It doesn't need to be linear, because the FLOPS cost in GPUs is so much lower than in a CPU system.
It appears to me that what happens in a GPU (which is why Intel's hyperthreading is faster than just 4 hardware cores) is that when there are many logical threads, then thread blocks on main memory latency are not a factor, because some other thread can run which has already loaded its main memory access into cache. Thus the GPU is always able to achieve the 200+GB/s main memory throughput, because the latency is masked by the probability of numerous threads.
So it's not just that the improvements in adding cores are not linear . . . it's that they appear to be converging to an upper value, suggesting that they're hitting a limitation other than cycles per second. I'm assuming that's related to memory access, either cache memory size or main memory access. I'm assuming too that a GPU will hit that limit too, and any increased performance because of wider memory bus, speed or cache would be offset by the slower cores.
You make other good points and I don't have the time to give them the attention they deserve immediately.
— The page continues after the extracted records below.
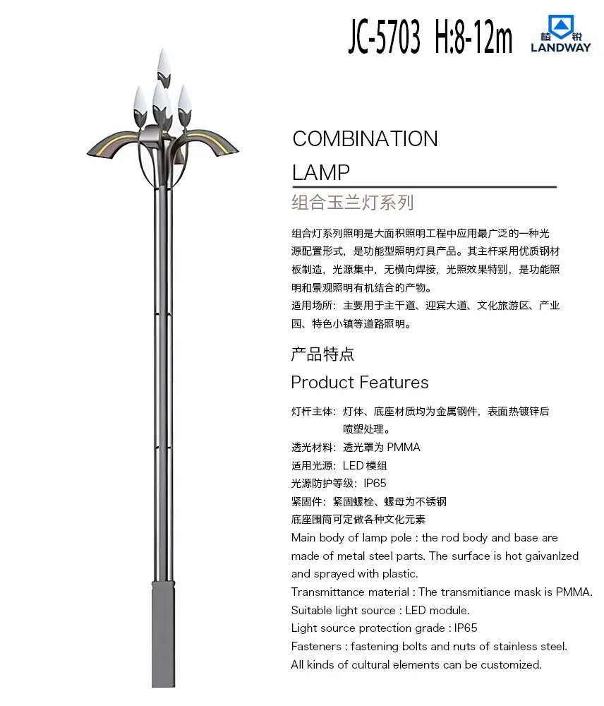 Suitable Applications: Primarily used for road lighting on main thoroughfares, ceremonial boulevards, cultural tourism districts, industrial parks, characteristic towns, etc.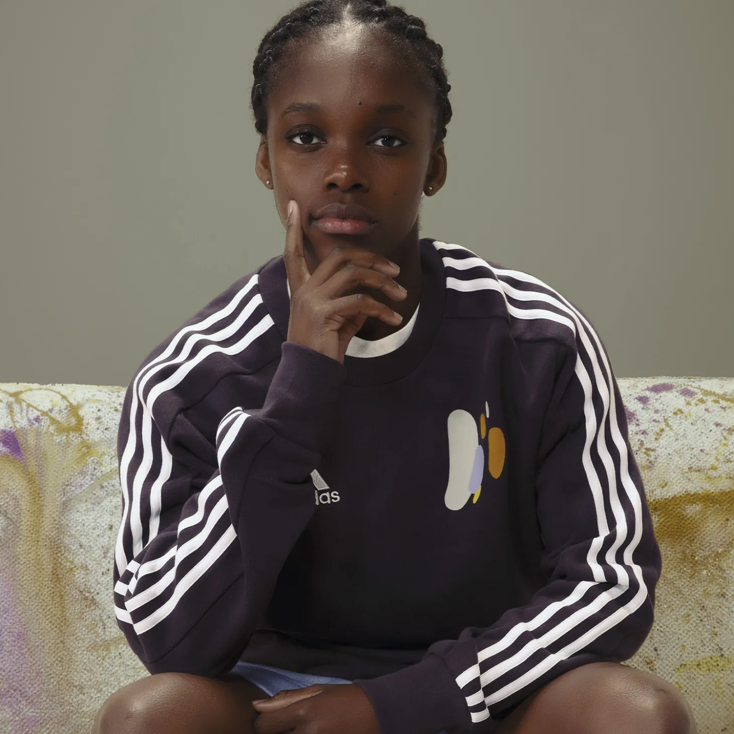 Sudadera adidas Artist Pack diseñada por el legendario grafitero Zeta 1970. Un símbolo de inclusión y orgullo madridista. Incorpora ilustraciones de pies descalzos, con calcetines y con botas, representando las diferentes realidades sociales y el deporte como símbolo de unión, sin importar los recursos. Los distintos tonos de piel trasladan el mensaje de que: en el campo, no hay espacio para la discriminación de género, religión o raza.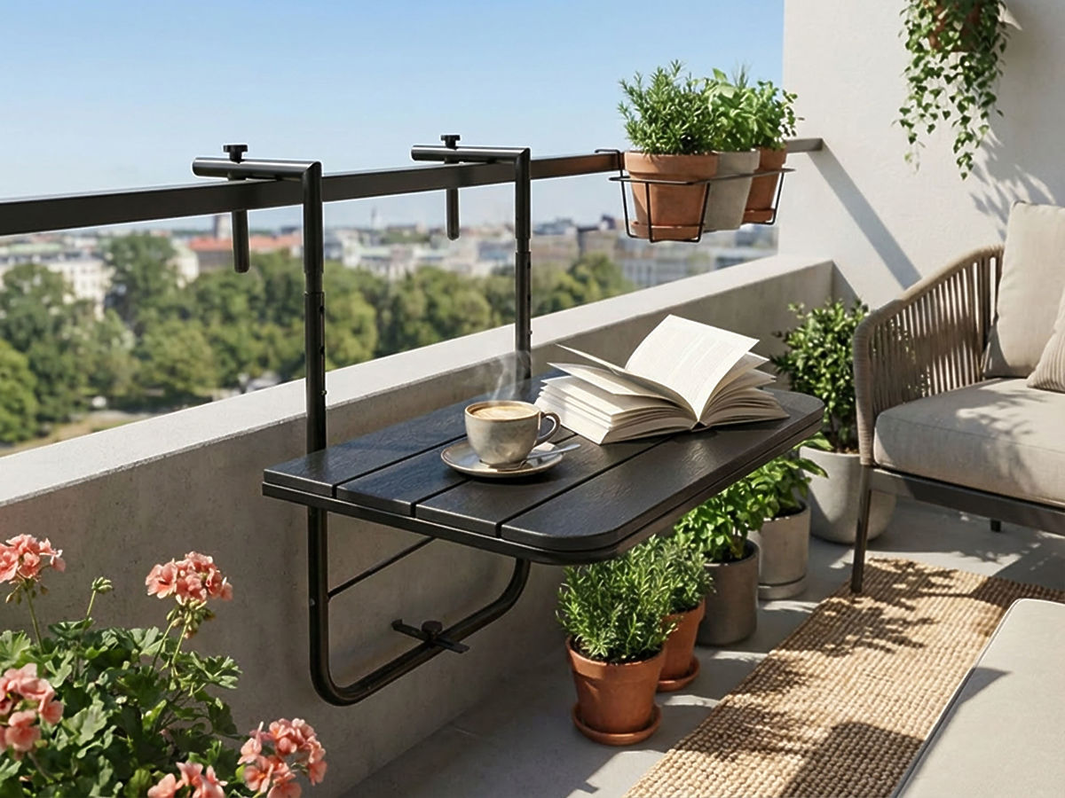 Černý balkonový stolek Aretto je ideální volbou pro ty, kteří chtějí plně využít prostor balkonu, i když je malý. Jeho hlavní předností je skládací konstrukce, díky které lze stolek rychle složit, když není potřeba. To šetří místo a udržuje pořádek, což ocení zejména majitelé malých bytů. Stolek poskytuje stabilní plochu na šálek kávy, knihu nebo notebook, usnadňuje organizaci každodenního odpočinku a činí balkon praktickým prodloužením interiéru. Pevné provedení a univerzální tvar zaručují pohodlí při používání, estetický vzhled a dlouhou životnost.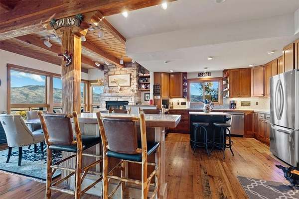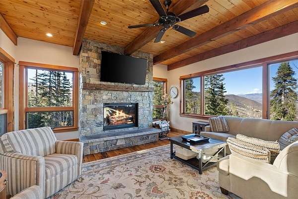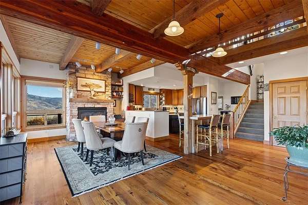 Welcome to 30720 Elk Lane – a truly coveted 5-acre forested retreat in the heart of Steamboat Springs. This rustic luxury property blends the warmth of mountain living with the comfort of a home designed for gathering, relaxing, and enjoying Colorado’s year-round beauty. From the moment you arrive, you’re greeted by timeless heart pine floors and fir accents that create an inviting, homey atmosphere. Inside, open living spaces flow seamlessly, boasting breathtaking views of the ski mountain, and offering cozy nooks for quiet evenings and expansive rooms for entertaining. Large windows frame sweeping views of the surrounding Yampa Valley, bringing the outdoors in and flooding the home with natural light. The rustic character shines through in every detail—soaring wood-beamed ceilings, stone finishes, and a 200-year-old barn wood mantel and hearth made of stone that anchors the main living area. At the same time, modern comforts ensure this home feels as practical as it is picturesque. Whether you’re sipping coffee on the porch at sunrise, hosting friends after a day on the slopes, or enjoying a quiet night by the fire, every moment here feels special. Shown by appointment only. Owner occupied. Please do not disturb.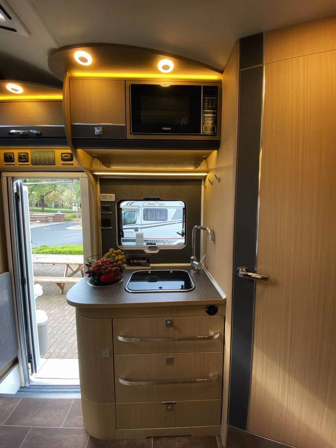 厨房功能配置非常齐全,下面是全铝碗碟收纳架,中间安装了不锈钢洗手池,上面还有微波炉,瑞弗V820还配备了线控镶嵌式电磁炉问。车厢外面还有抽拉式的燃气灶具,烹调设备一应俱全。

I'm sure there are improvements to be made in the hashing algorithm to make it more GPU resistant, but I'm more concerned with having one that is 'good enough' rather than a perfect one that might fork the coin or cause loss of momentum.
I am going to avoid talking about your holistic design because we have some disagreement,
Yes, there's a lot we disagree on. Have you considered implementing your ideas in a new coin? That's what I did when I decided all the other coins had it wrong!